Shen Minggao, an economist at Citigroup in Beijing,
argues that the recent boom has affected the economy in other ways, by
delivering most of the benefits of economic growth to state-owned
companies in the form of higher profits, with relatively little going
into the pockets of ordinary wage-earners. The massive reorganisation
of the state sector in the late 1990s pushed responsibility for a lot
of health and education spending on to families.

Meanwhile, the
state has been the main beneficiary of the recent surge in SOE share
prices, given that in most of these companies only a small proportion
of the shares are actually traded – 4 per cent in the case of
Industrial and Commercial Bank of China. “It is the state and not
households that became wealthier during the blossoming of the SOEs,”
says Mr Shen. “Households actually enjoyed only a small portion of the
expanding wealth cake.”

Greater independence is good for
corporate performance, but there are also signs that China’s more
powerful SOEs are outstretching the ability of the country’s regulators
to control them.

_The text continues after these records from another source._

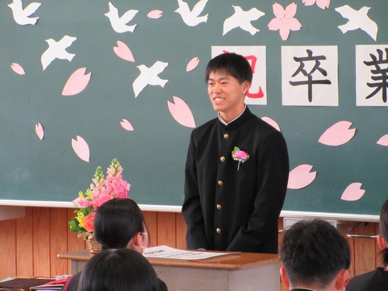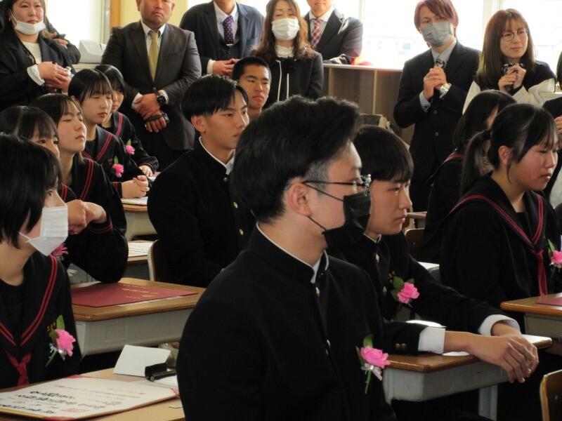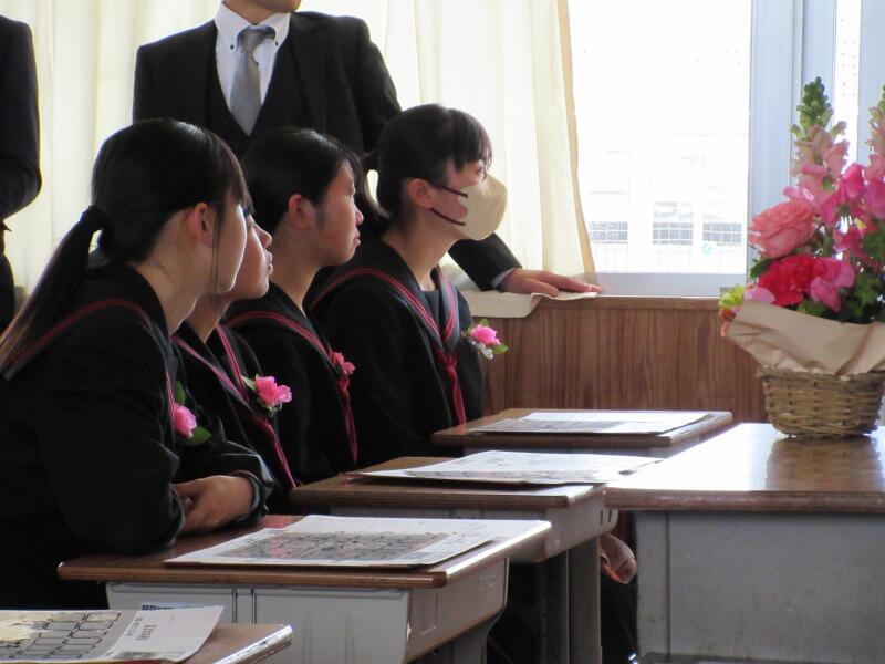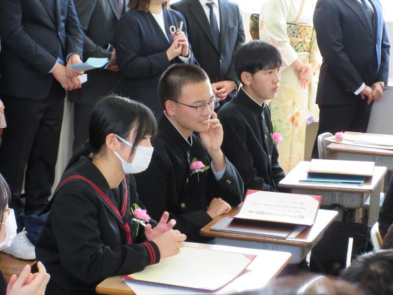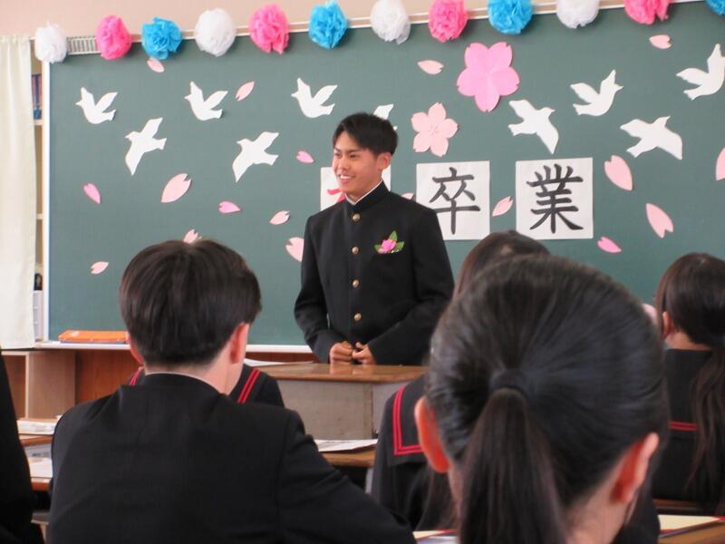 厳かな式典を終えた卒業生たちは、3年間過ごした学び舎で最後となる「学級活動」に臨みました。笑いあり、涙あり。担任の先生や仲間たちと過ごした濃密な時間は、一生の宝物になったはずです。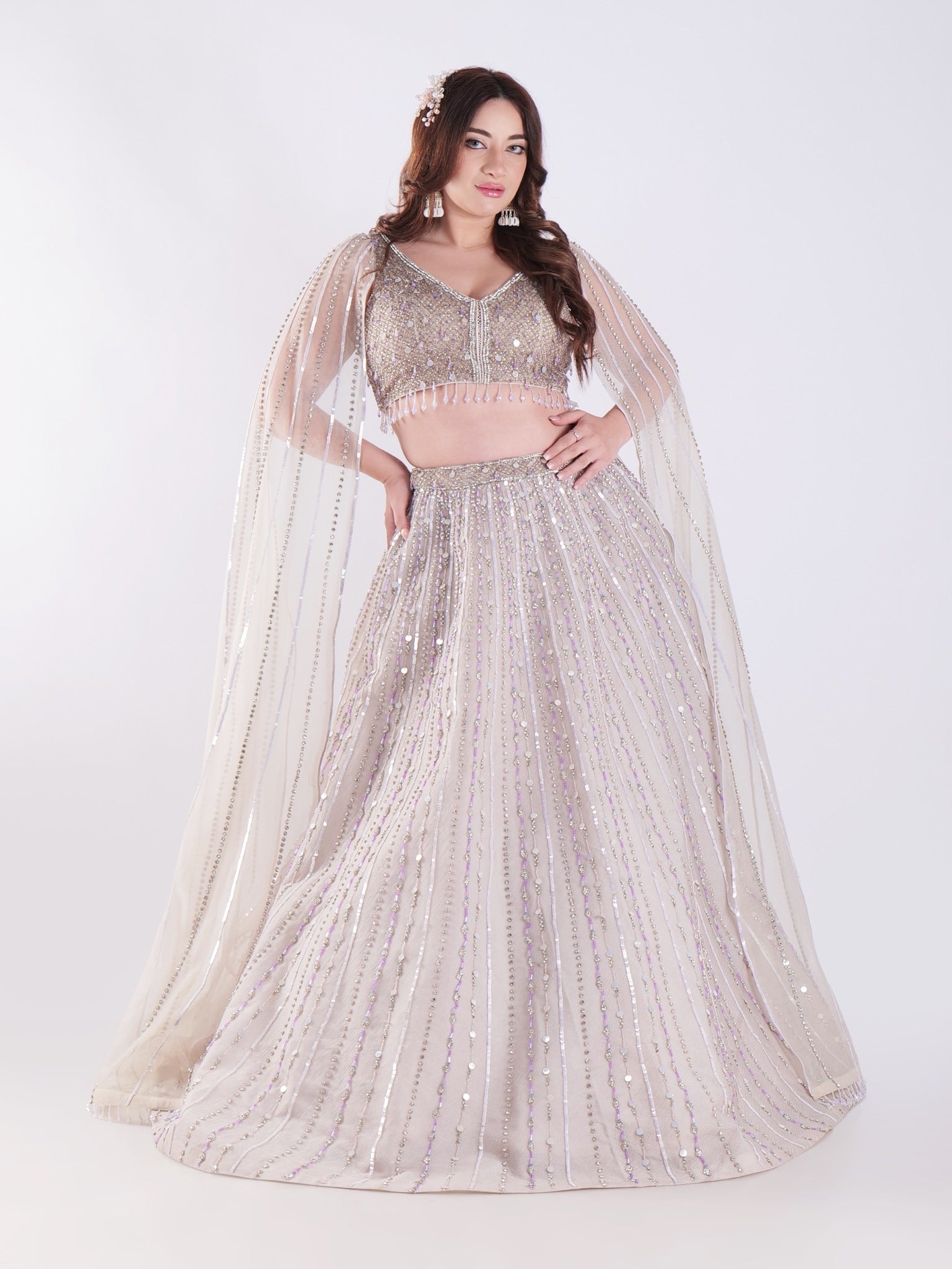 Ivory Sequin Lehenga Set with Sheer Cape Sleeves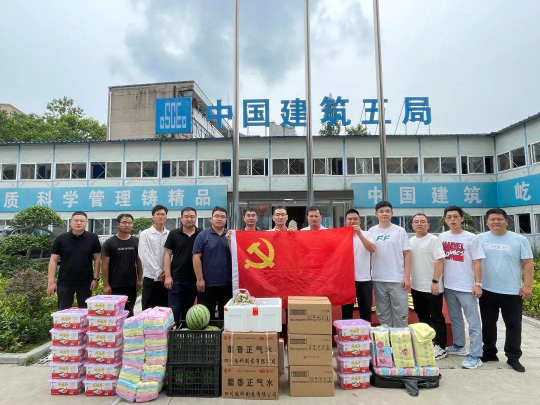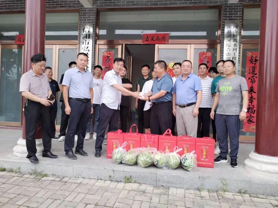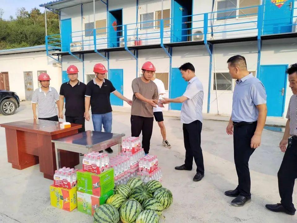 恒禹党支部为新县小潢河项目部、罗山引九济石项目部、新县青龙沟项目部一线人员送去了矿泉水、王老吉、西瓜、藿香正气水等防暑降温物品。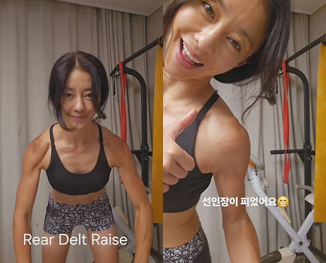 크롭탑을 입고 운동하는 모습을 보여준 이지현은 마른 몸에 넘치는 근육으로 눈길을 모았다.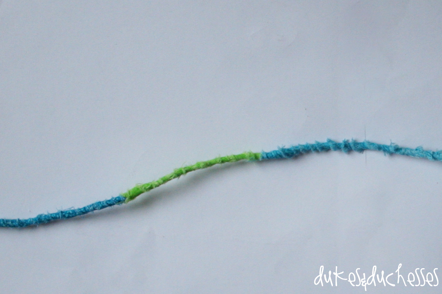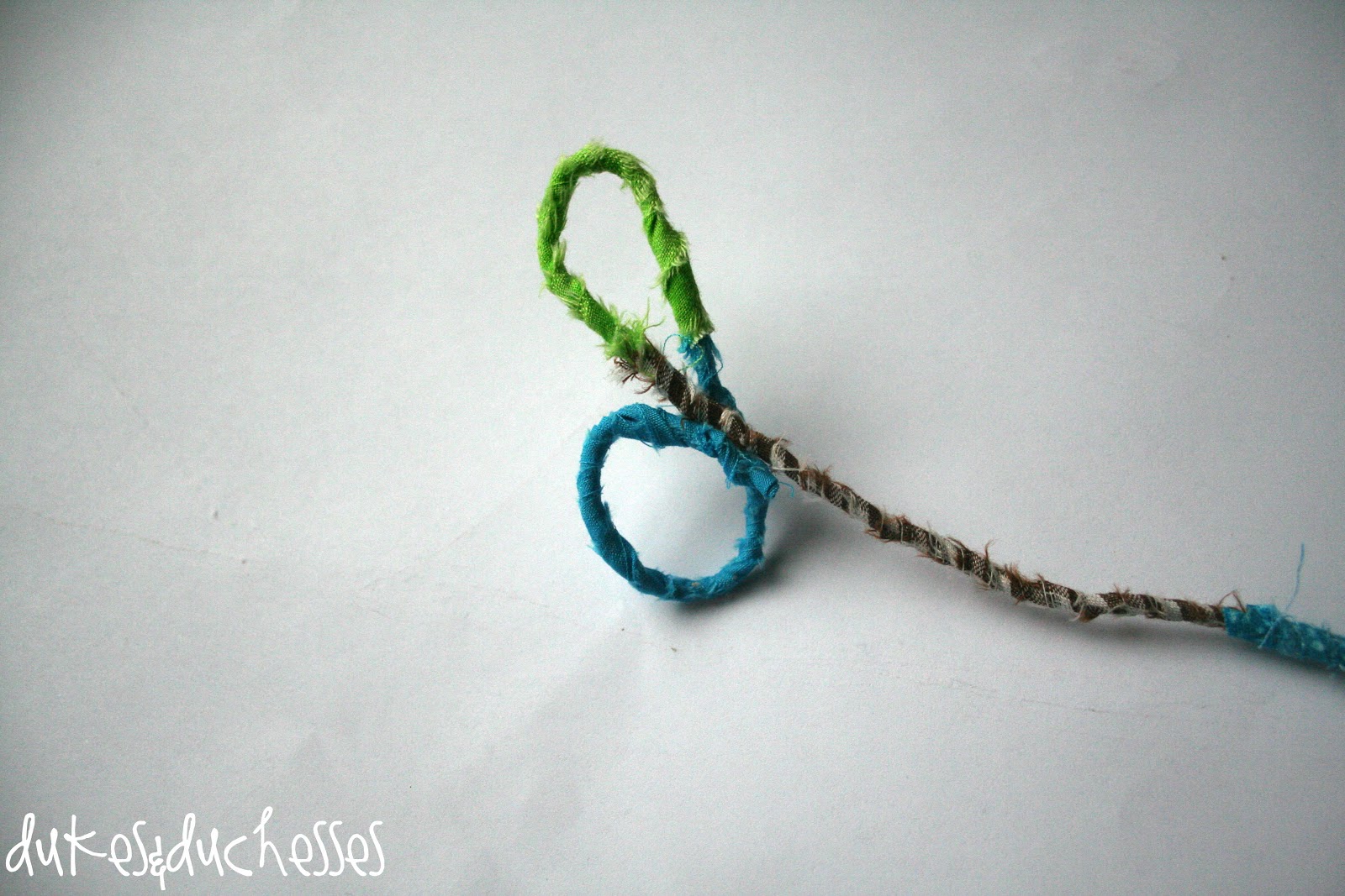 I ripped fabric strips {about 1/4-1/2 inch wide and about three inches long} and wrapped them around the wire. Where the strips change to other colors, I just wrapped the new color tightly over the old color and over itself {you could also add a drop of hot glue … I did that at the very end to hold everything in place}.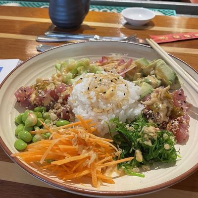 Casual upscale American restaurant with a lively bar scene, offering varied cuisine including sushi, seafood, and American comfort food, in a nautical-themed space.
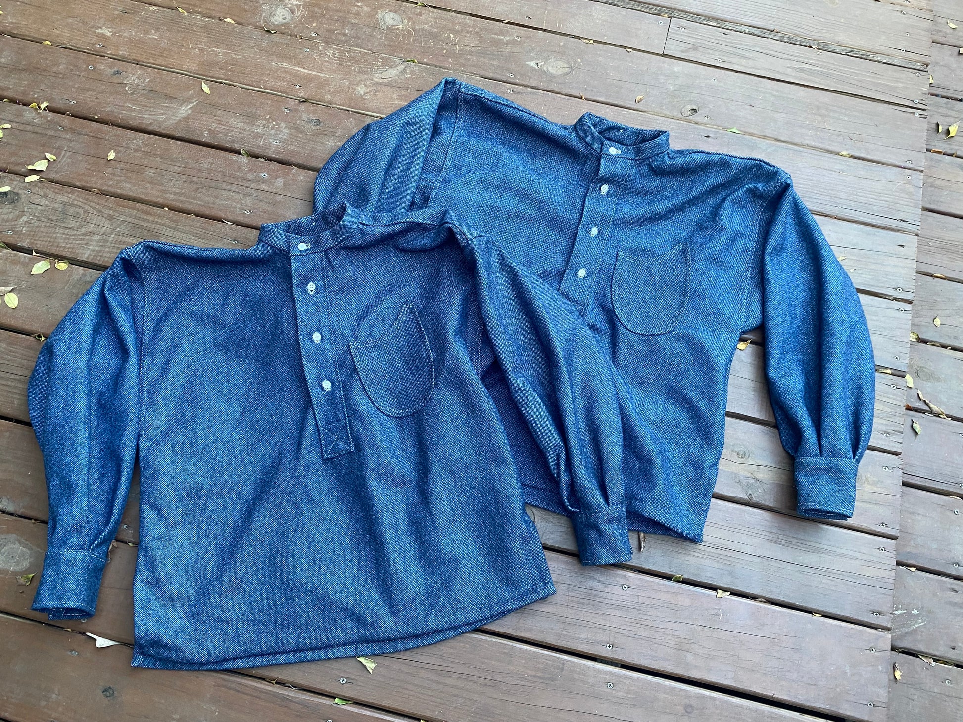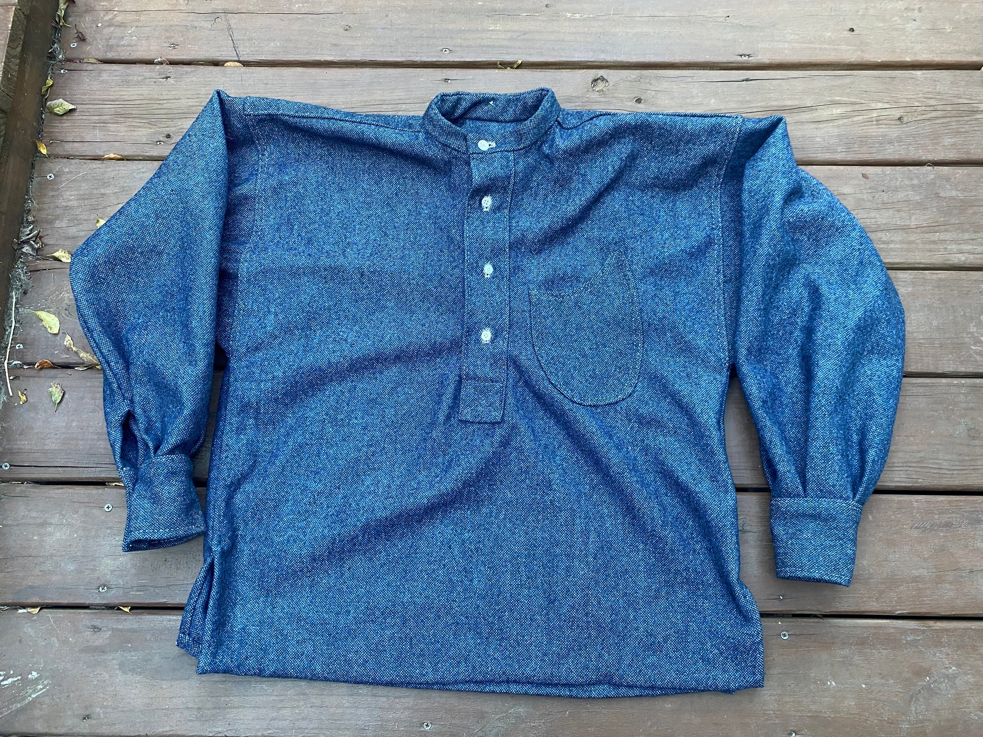 CS Issue wool shirt based on e on worn by Private John MacRae of Starr's Battery and worn during the North Carolina Campaign of 1865. The garment is typical of wool shirts madre from mixed blue wool flannel. There is some historical speculation that this cloth was imported by the Confederacy, but could also be domestic product. It is also believed that this may have been a product of the North Carolina State production goods.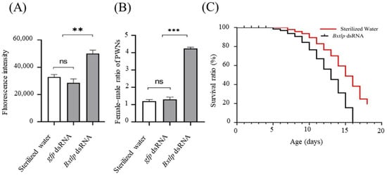 The fluorescence intensity of ROS in PWNs after Bxtlp dsRNA immersion was higher than those in the control groups (Figure 8A). The female–male ratio of PWNs in the Bxtlp dsRNA treatment group was 5, while the ratios of gfp dsRNA and sterilized water in the control group were 1.3 and 1.5, respectively (Figure 8B). Furthermore, the lifespan of PWN was investigated, and the results showed that it took 15 days for the PWNs soaked in Bxtlp dsRNA solution to reach the mortality of 80%, while it took 19 days for the ones soaked in sterilized water to reach the same mortality, which demonstrated that the lifespan of PWN was shortened after Bxtlp interference (Figure 8C).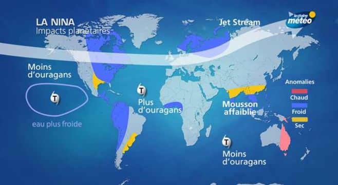 Comparable à un jeu de domino, les effets de El Nino et de la Nina se répercutent à l'échelle planétaire en plusieurs mois car le changement de température de l'eau modifie le sens des vents et la circulation atmosphérique au-dessus de la zone intertropicale. Ces changements influencent aussi le "jet stream" (grands vents qui font le tour de la planète) et chamboulent la distribution des masses d'air.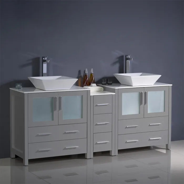 Fresca Torino 72 inch Gray Modern Double Sink Bathroom Cabinets W/ Tops & Vessel Sinks FCB62-301230GR-CWH-V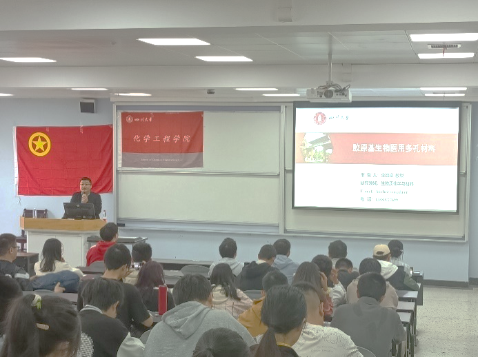 顺利开展了《胶原基生物医用多孔材料》专题讲座,学院党委副书记李德富教授为主讲人,辅导员李忆雯、袁玲及广大化工学子参与了本次讲座。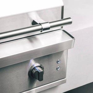 The AMG (American Made Grills) Atlas Series is a high-performance, luxury grill line made entirely in the USA. Elevate your outdoor lifestyle with the seamless design and superior performance of the Atlas Grill. #304 stainless steel construction, interior, and exterior lighting, and a dual-position warming rack system are just a few of the features that ensure you get the most out of your outdoor kitchen in both style and functionality. The flame-taming burner covers vaporize flare-ups and add grilling essence, while the all-new square cooking grates increase the contact surface with food, adding beautiful grill marks and unparalleled flavor.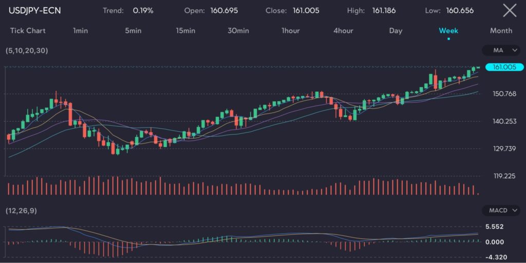 The Japanese yen has continued its downward spiral, hitting levels not seen since 1986, with the USDJPY currency pair breaching the ¥161.00 mark and peaking at ¥161.30. This trend has persisted despite recent attempts at intervention, raising concerns among Japanese officials and traders alike.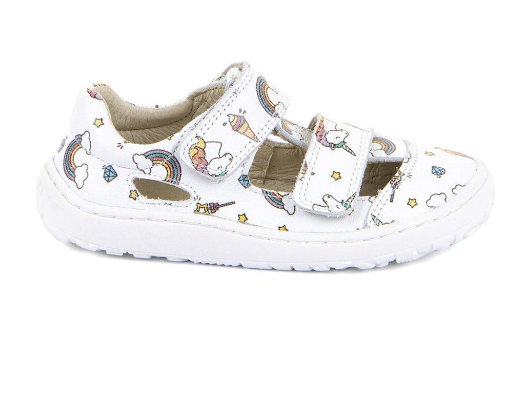 Štýlové kožené barefoot sandále Froddo G3150291-13 White+ so zapínaním na suchý zips pre ľahké obúvanie. V dievčenskej bielej farbe s motívom jednorožcov. Topánky majú flexibilnú podrážku z prírodnej gumy s jemnou vzorkou.

The most remarkable incident occurred last summer,
when the large state-owned oil companies forced the authorities to
raise fuel prices by helping to create an artificial shortage.

The
Chinese government sets prices for oil sold domestically, which puts
pressure on the large oil companies – PetroChina, Sinopec and CNOOC –
when international prices rise. The response from the large oil
companies was a high-stakes game of bluff with the authorities: the
amount of oil sold in China was reduced and several large refineries
were put on “scheduled maintenance”. When many smaller, private
refineries also refused to sell oil at the government-set price,
creating an even bigger shortage, the authorities had no option but to
increase prices.

T he SOEs are also facing a backlash in some
Beijing policy circles over their overseas investments. PetroChina has
been operating in Sudan for over a decade, during which time Beijing
has forged a close relationship with Khartoum. While these ties have
prompted criticism that China has weakened international efforts to
halt the violence in Darfur, PetroChina has at times sold more of the
oil from Sudan to Japan than it has at home – prompting some experts to
ask if the controversial Sudan policy actually brings real benefits.

Zhu
Feng, of Peking University, says that the oil companies have “hijacked”
the country’s foreign policy on Sudan. “Chinese oil companies and a lot
of other oil companies in Sudan have made the money. It is not the
people or the country [that have made money],” he says.

According
to Zhang Yunling, at the Chinese Academy of Social Sciences: “It is not
the government deciding to go to Sudan. It is the oil company. They
have gradually developed their business and asked the government for
support.”

Erica Downs, of the Brookings Institution in
Washington, says Sudan is the “crown jewel” of PetroChina’s
international business, but that “the company’s domination of the
Sudanese oil industry arguably has done more damage to China’s
reputation abroad than the activities of any other Chinese SOE”.

“The
case demonstrates how the overseas activities of a Chinese SOE can
simultaneously harm one Chinese foreign policy objective – to be and be
perceived as a responsible rising power – and help another – to enhance
energy security,” she says.

The Chinese government has attempted
to improve its public relations in recent years, ordering ministries,
with varying success, to explain decisions to the foreign and local
media. Petro- China, however, one of the country’s most powerful
companies, has shown no inclination to fashion a public message.

Elsewhere,
in countries as diverse as the Philippines, Zambia and Peru, Chinese
investments have provoked a political backlash. “In the future, this
issue will become more and more serious,” says Mr Zhang.

For the
ruling communist party the political benefits of the SOEs’ new wealth
far outweighs any financial costs incurred in keeping them at the
“commanding heights” of the economy. To maintain its grip, the party
needs a strong state sector with the power to balance a rising
entrepreneurial class. The risk for the authorities, however, is that
over-mighty companies end up dictating policy themselves.